Nothing but the lines below from the one with "Afghan police stand" through the one with "搜索并开通以下应用身份权限: im:message(核心权限,必须开通)其他相关权限根据需求开通 配置完成后,在" should be output, each exactly as given, and no pictures.

Source data:
▬▬▬▬▬▬▬▬▬▬

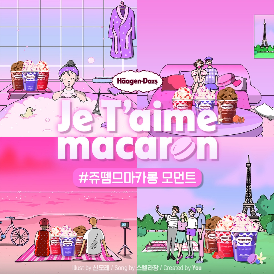 스텔라장 님의 대표곡 중 하나인 L'amour Les baguettes Paris를 일부 개사하여 캠페인 송을 만들었습니다. 곡 중에 등장하는 ‘바게트’를 이번 신제품의 키팩트인 ‘마카롱’으로 변경하고 하겐다즈의 브랜드명을 전면에 내세웠습니다.
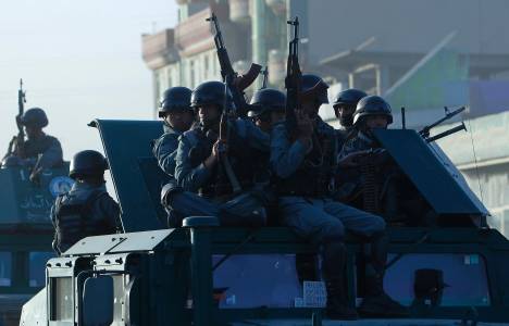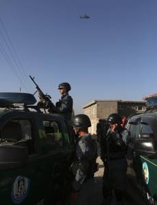 Afghan police stand guard at the site of an attack as a NATO helicopter flies overhead in Kabul
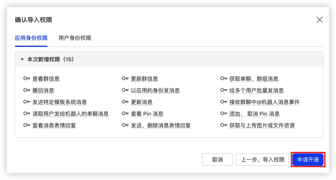 搜索并开通以下应用身份权限: im:message(核心权限,必须开通)其他相关权限根据需求开通 配置完成后,在 「版本管理与发布」 页面: 创建版本 发布应用
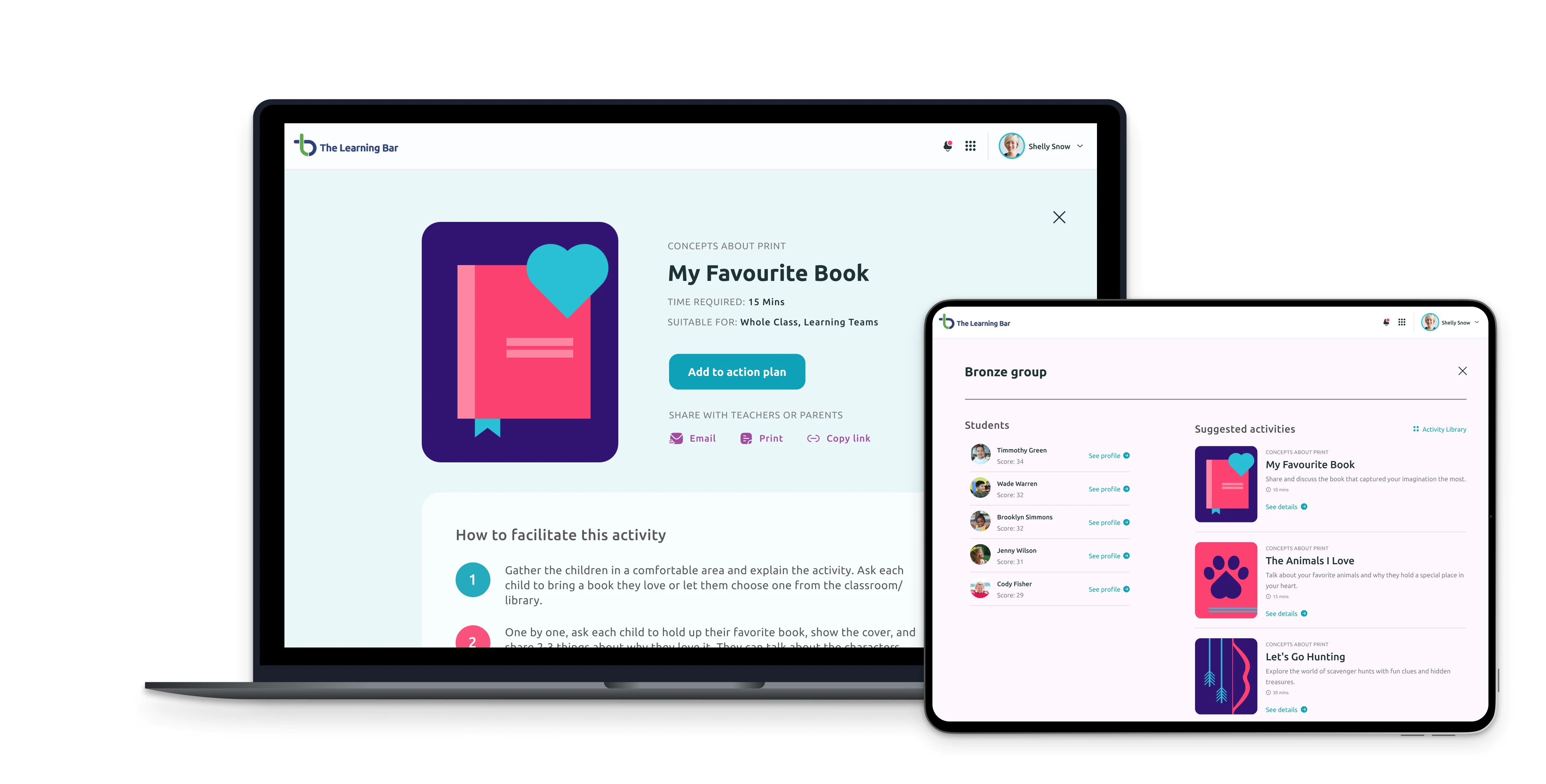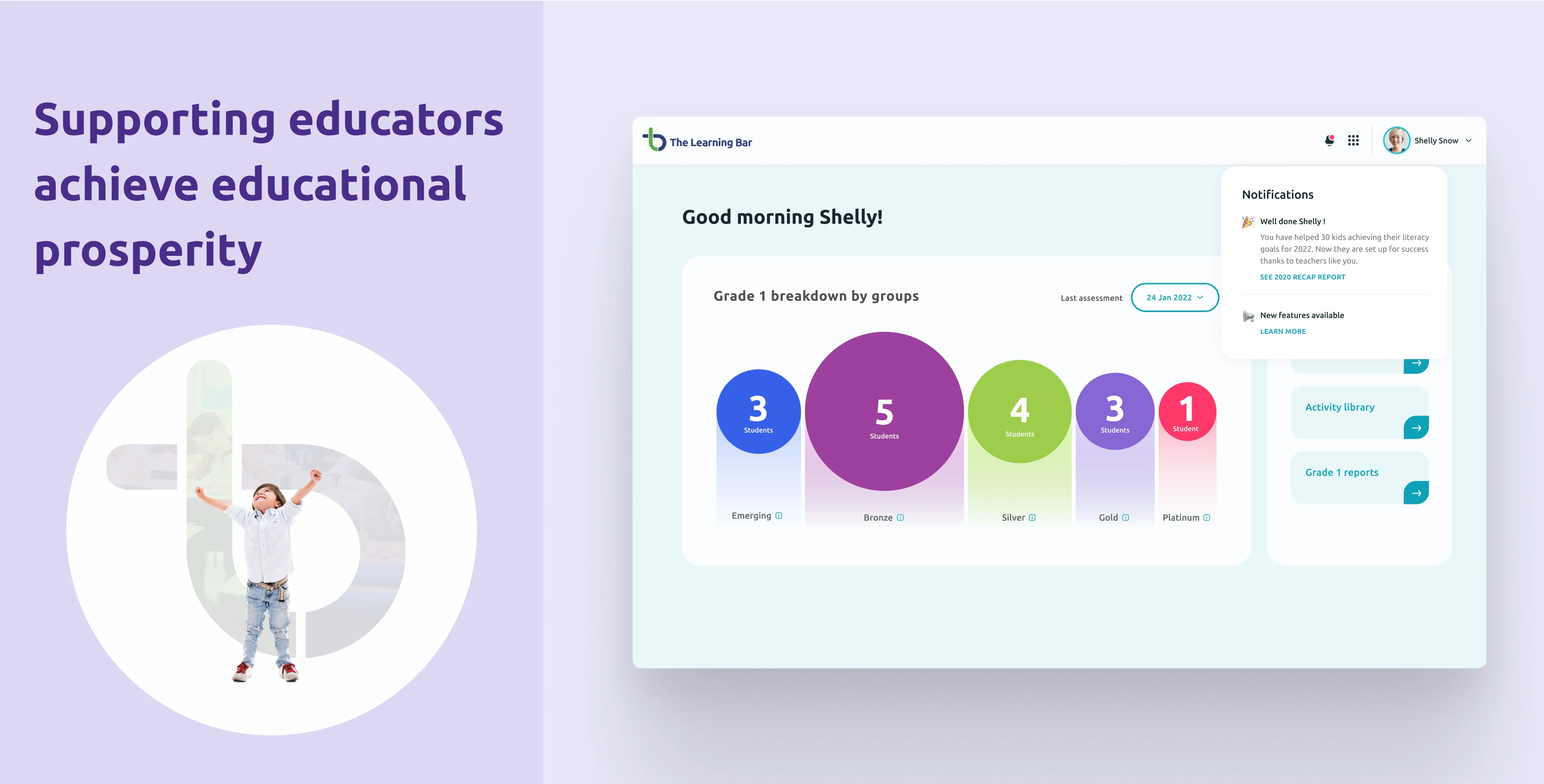We recommended enhancing the onboarding process and in-product education to continuously communicate the value of The Learning Bar’s products to teachers. This included designing better onboarding mechanisms to help teachers understand the benefits and positive impacts of the products on their classrooms and students, and easier discoverability of features and products so users were aware of the full range of available resources and tools.

▬▬▬▬▬▬▬▬▬▬

Task answer:
 Afghan police stand guard at the site of an attack as a NATO helicopter flies overhead in Kabul
 搜索并开通以下应用身份权限: im:message(核心权限,必须开通)其他相关权限根据需求开通 配置完成后,在 「版本管理与发布」 页面: 创建版本 发布应用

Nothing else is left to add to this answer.